Combinatorial Approach to Improve Cancer Immunotherapy: Rational Drug Design Strategy to Simultaneously Hit Multiple Targets to Kill Tumor Cells and to Activate the Immune System

Shweta Joshi, Donald L. Durden

Research output: Contribution to journalReview article

4 Citations (Scopus)

Abstract

Cancer immunotherapy, including immune checkpoint blockade and adoptive CAR T-cell therapy, has clearly established itself as an important modality to treat melanoma and other malignancies. Despite the tremendous clinical success of immunotherapy over other cancer treatments, this approach has shown substantial benefit to only some of the patients while the rest of the patients have not responded due to immune evasion. In recent years, a combination of cancer immunotherapy together with existing anticancer treatments has gained significant attention and has been extensively investigated in preclinical or clinical studies.

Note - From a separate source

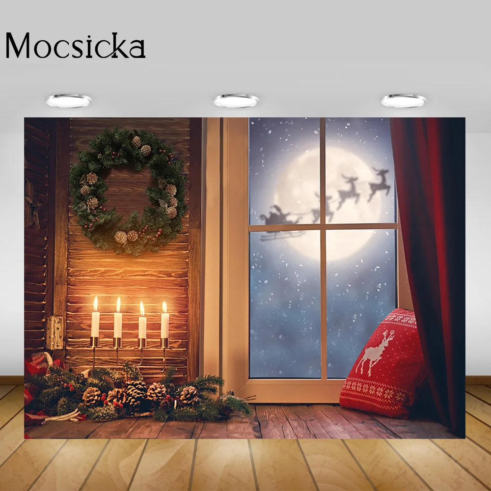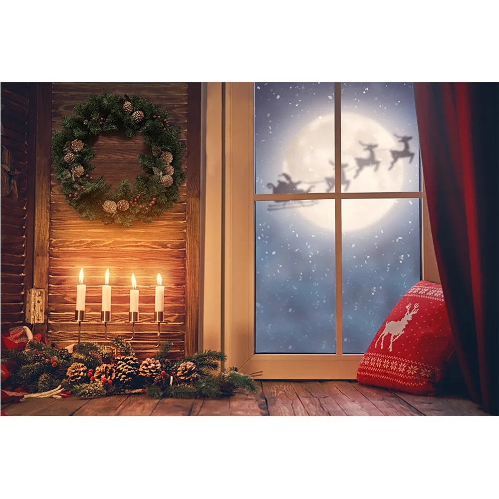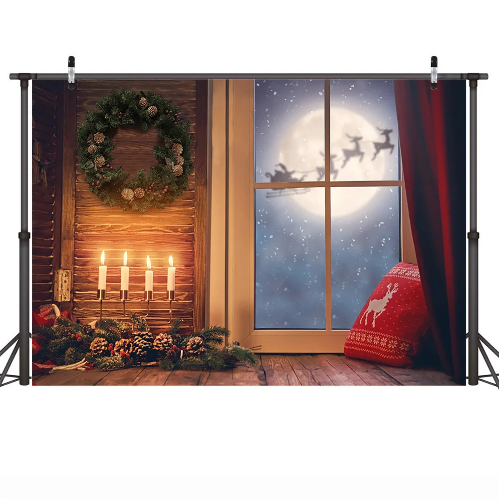 Фон для фотосъемки с изображением рождественского окна, зеленый, зима Свеча-гирлянда, с изображением снежного лося, реквизит для семейной вечеринки

In this review, we discuss the therapeutic potential of novel regimens combining immune checkpoint inhibitors with therapeutic interventions that (1) increase tumor immunogenicity such as chemotherapy, radiotherapy, and epigenetic therapy; (2) reverse tumor immunosuppression such as TAMs, MDSCs, and Tregs targeted therapy; and (3) reduce tumor burden and increase the immune effector response with rationally designed dual or triple inhibitory chemotypes.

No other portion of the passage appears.